Summary: Colossians 3:1-2: “If then you have been raised with Christ, seek those things that are above, where Christ is seated at the right hand of God. Set your minds on things that are above, not things that are of the earth.” (ESV)

It’s a New Year: What You Seek Is What You’ll Get

Text: Colossians 3:1-2: “If then you have been raised with Christ, seek those things that are above, where Christ is seated at the right hand of God. Set your minds on things that are above, not things that are of the earth.” (ESV)


We’re standing at the threshold of another New Year, and as I thought and prayed about what I wanted for myself for this New Year, I was drawn to these verses and this sermon I had preached in this pulpit, 5 years ago. I searched and sought and could find nothing better. So, I feel, with the Lord’s permission, I can deliver this enhanced and revised message to you for the New Year.

All Christians should want what God wants for us. Paul was saying to the Colossians and us: what you seek is what you’ll get. God is reminding us through these words to be hungry for the things of God. This is the resolution that all Christians should take for this coming year:” God, help me to seek the things that are above, because that’s where You are.”

But if we set our affections on things of the earth and seek only those things that the worldlings seek after: money, fame, prestige, power, influence, popularity, and getting more “stuff,” then we will get just what we seek. The Lord spoke through Paul in his letter to the Galatians these words of warning for Christians: “Do not be deceived: God is not mocked – for whatever a person sows that is what they will reap. For the one who sows to the flesh, will of the flesh reap corruption, but the one who sows to the Spirit, will from the Spirit reap eternal life” (Gal. 6: 7, 8).

God wouldn’t have had His servant write these words unless He thought it was crucially important for His children learn to walk in the Spirit, to desire the things of the Spirit, and in all our ways, be led by the Spirit. (Gal. 5: 16-18). But we must remember that the strength to seek the things which are above comes from Him, because He is our life. We cannot do it in our own strength.

We must recall II Cor. Chap. 12. Paul had what he called “a thorn in the flesh; a messenger of saten sent to buffet me.” The word “messenger” is from the Greek word for angel. This angel was from saten, a demon afflicting Paul. He goes on to say that he prayed to Jesus three times for this thorn to be removed from him. Jesus heard his prayer, and He answered his prayer, with a big “NO!” Jesus said He was not going to remove this demonic being from Paul. He was going to leave it to continue to be a thorn in his flesh and continue to buffet him. He then gave Paul, and us, the reason. Jesus said, “My grace is sufficient for you: for my strength is made perfect in weakness.” (II Cor. 12:9).
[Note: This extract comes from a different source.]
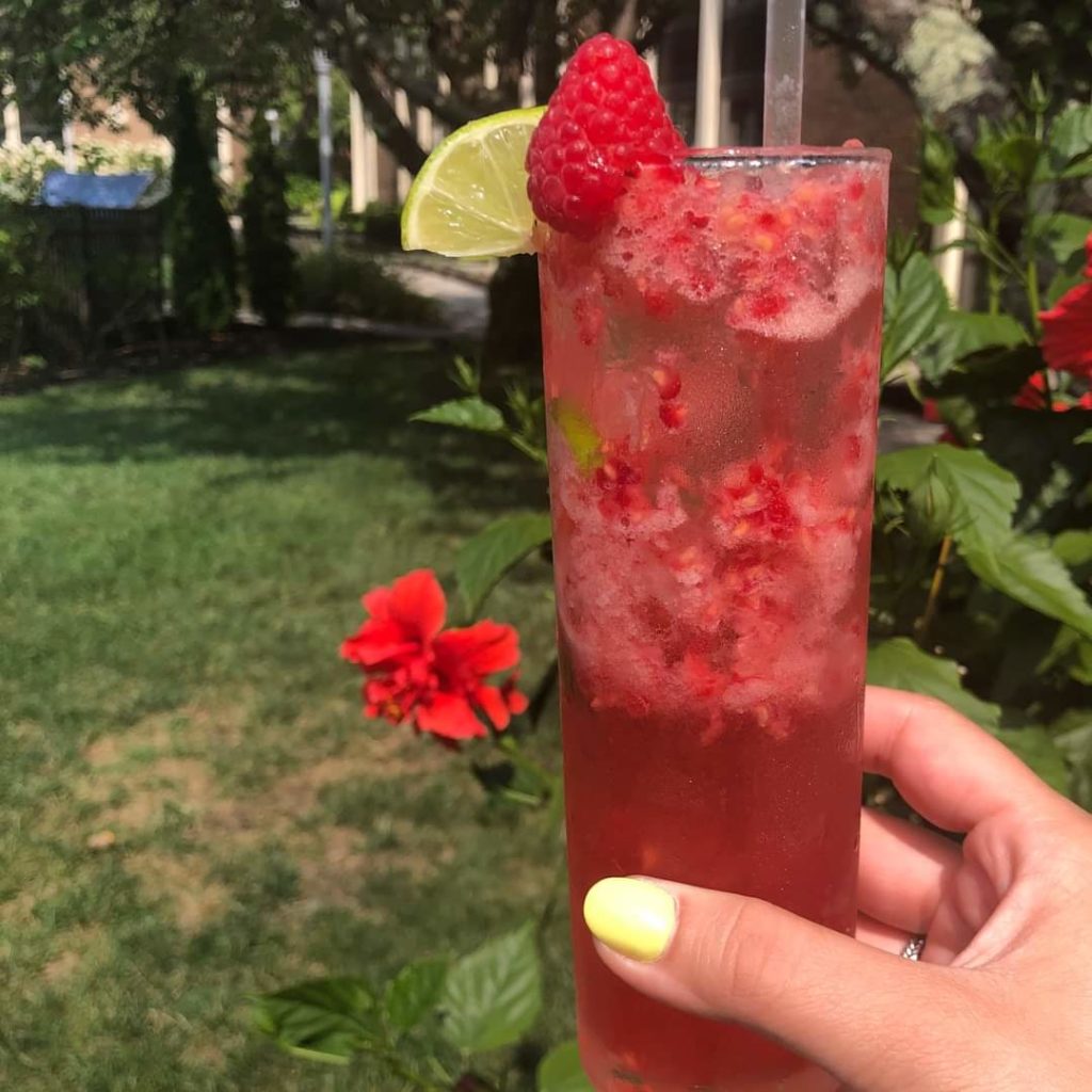 Mead Me at Bistro is made with Beacon Meadery Raspberry Mead, Deepwells Botanical Dry Gin (produced by Long Island Spirits, a microdistillery in Baiting Hollow), fresh raspberries, lime, and club soda.

Paul went on to say” “I will glory in my infirmities, that the power of Christ may rest upon me. Therefore, I take pleasure in infirmities, in reproaches, in necessities, in persecutions, in distresses for Christ's sake: for when I am weak, then am I strong” (II Cor. 12:9, 10). As this new year unfolds, Jesus may allow trials in our life, to help us learn to turn to Him, admit our weakness, and say, “Lord, I agree with your words to Paul: Your grace is enough for me, and You’re allowing these tribulations, to help me grow in grace and Your knowledge and to learn to trust You more, so Your strength may be perfected in me.”

Earlier in this letter to the Colossians Paul encouraged them to be grounded and settled in the faith and not be moved away from the hope of the gospel (Chp. 1: 23). God knows that the tendency of the flesh is not to seek after the things of God and His will, so we need to be reminded of this, especially as this New Year dawns before us.

He said to “seek those things that are above.” Any good philosopher, or humanist, or even an atheist could say things like this: have high ideals; seek after pure and lofty things; be good, do good, be kind, be compassionate – but these are all very abstract and impersonal concepts to most people. The difference between Paul and philosophers --between Christians and those that seek to “do good,” is that for us, the goal is a personal one: the reason we are to seek those things that are not earthly, is because “above” is where Christ is seated. He is our Lord, our Master and our King. We can’t be satisfied with “things” however good they may seem.